また、他の入居者と接することで適度な刺激を受け、開放的な気持ちになります。高齢者は加齢による体力の低下で他者と接することが億劫になってしまい、自宅に引きこもりがちになることも珍しくありません。家族以外の人とまったく接しないことが多くなり、心身の不調に陥るおそれもあります。
その点、老人ホームでの生活では毎日必ず他人と接する時間があるので孤立する心配がありません。特にレクリエーションの時間では複数の入居者同士で共同作業を行うこともあるので、他者への気配りなど協調性を保つことができます。
他者との触れ合いは精神的な刺激をもたらし、高齢者に多く見られる認知症の発症を防ぐ効果が期待されています。老人ホームに入居する高齢者の多くが若々しい感じを保っているのは、刺激に満ちた質の高い暮らしを営んでいるのが理由と言っても過言ではありません。
外出イベントを行う目的と安全管理に関する注意点
多くの老人ホームでは入居者の気分転換を目的とした外出イベントを行っています。自力での移動が困難な高齢者でも車椅子に座ることができれば、車両による送迎で外出させるのが普通です。屋外に出ることによって見る景色が変わり、日差しや風の流れを体で感じることが程良い刺激になるのです。
高齢者が体調不良に陥るのは毎日の暮らしが単調になるのが理由のひとつとされています。老人ホームは入居者同士の触れ合いを重視した運営を行っていますが、それでも毎日を同じ施設内で過ごすのは停滞した感じをもたらすので決して良いこととは言えません。
外出イベントは単調になりやすい施設での暮らしにアクセントをもたらすのに不可欠です。外出イベントでは高齢者の安全管理が何よりも重視されます。万が一の事態に見舞われた場合、施設の高齢者が今後の外出を嫌がるかもしれません。
そのような事態を避けるためにも、外出先では些細な事故も起きないように細心の注意を払う必要があります。多くの老人ホームでは施設職員が外出イベントを管理して高齢者を見守っていますが、人手不足などの理由から外部業者に委託する所もあります。

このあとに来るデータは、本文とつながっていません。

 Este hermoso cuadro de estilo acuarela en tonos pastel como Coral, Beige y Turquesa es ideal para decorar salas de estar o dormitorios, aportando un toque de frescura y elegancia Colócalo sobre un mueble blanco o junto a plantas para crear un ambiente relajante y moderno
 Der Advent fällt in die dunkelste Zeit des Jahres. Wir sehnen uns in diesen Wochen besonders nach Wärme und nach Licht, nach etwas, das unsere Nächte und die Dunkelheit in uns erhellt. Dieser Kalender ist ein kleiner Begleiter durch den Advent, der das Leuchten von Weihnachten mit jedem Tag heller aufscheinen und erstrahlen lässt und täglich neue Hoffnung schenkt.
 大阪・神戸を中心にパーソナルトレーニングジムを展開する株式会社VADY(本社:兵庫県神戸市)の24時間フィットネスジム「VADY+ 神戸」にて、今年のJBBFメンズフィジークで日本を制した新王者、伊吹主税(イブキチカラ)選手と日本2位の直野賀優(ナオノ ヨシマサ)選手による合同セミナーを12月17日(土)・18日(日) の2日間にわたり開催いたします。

高齢者介護の専門知識を持つ業者への委託は正当な行為ですが、その一方で老人ホームの運営方針を完全に共有してはいないので、細かい注意点が伝わっていないこともあります。その些細な認識のズレが外出先の安全に関わるトラブルに至る可能性があることから、委託業者は慎重に選ばなければいけません。
老人ホームが行う外出イベントの詳細
老人ホームが入居者を対象にして行う外出イベントは軽度の散歩から観光スポット巡り、小売店での買い物など様々です。

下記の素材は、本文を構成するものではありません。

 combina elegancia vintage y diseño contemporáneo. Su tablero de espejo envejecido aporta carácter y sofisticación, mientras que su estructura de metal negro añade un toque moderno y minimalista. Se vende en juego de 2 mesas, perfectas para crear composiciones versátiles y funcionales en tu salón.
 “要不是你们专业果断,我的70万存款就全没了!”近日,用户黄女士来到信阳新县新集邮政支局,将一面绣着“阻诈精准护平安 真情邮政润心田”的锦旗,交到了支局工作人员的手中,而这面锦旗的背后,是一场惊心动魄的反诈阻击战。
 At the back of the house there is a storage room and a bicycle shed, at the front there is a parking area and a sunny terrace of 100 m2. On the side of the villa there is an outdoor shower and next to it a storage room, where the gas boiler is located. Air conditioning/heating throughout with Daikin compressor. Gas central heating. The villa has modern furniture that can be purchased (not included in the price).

いずれの場合も外出先での適度な刺激で入居する高齢者の気分転換を図るのが目的となっています。外出イベントへの参加費は基本的には老人ホームの入居費に含まれていますが、別途請求する所もあります。また、買い物については支払い用の現金を用意する必要があるのでその点も注意しなければいけません、高齢者自身の要望や体調不良などの理由で外出イベントに参加できないこともありますが、そのような場合における返金の有無についても老人ホームによって対処が異なります。
トラブルを避けるためにも、金銭に関する取り決めは十分に確認しておくのが親族の務めです。
老人ホームでの看取りに関する問題点
老人ホームは基本的に健康状態が良好な高齢者が暮らすための施設です。要介護者を受け入れているホームでも病気を患った場合、完治するまでは病院で過ごすことになります。
また、著しい体調不良からの臨終についても同様であり、一般的な老人ホームでは入居者の看取りは行っていません。看取り専門の介護職員がいる老人ホームもあるので、どうしても住み慣れた老人ホームで最期を迎えたいという要望を受け入れるのは決して不可能ではありません。
しかし看取りは医療に深く関わる事柄なので、本来なら病院など医師が常駐している施設で行います。老人ホームでの看取りは一般的なことではなく、制約が多いことを忘れてはいけません。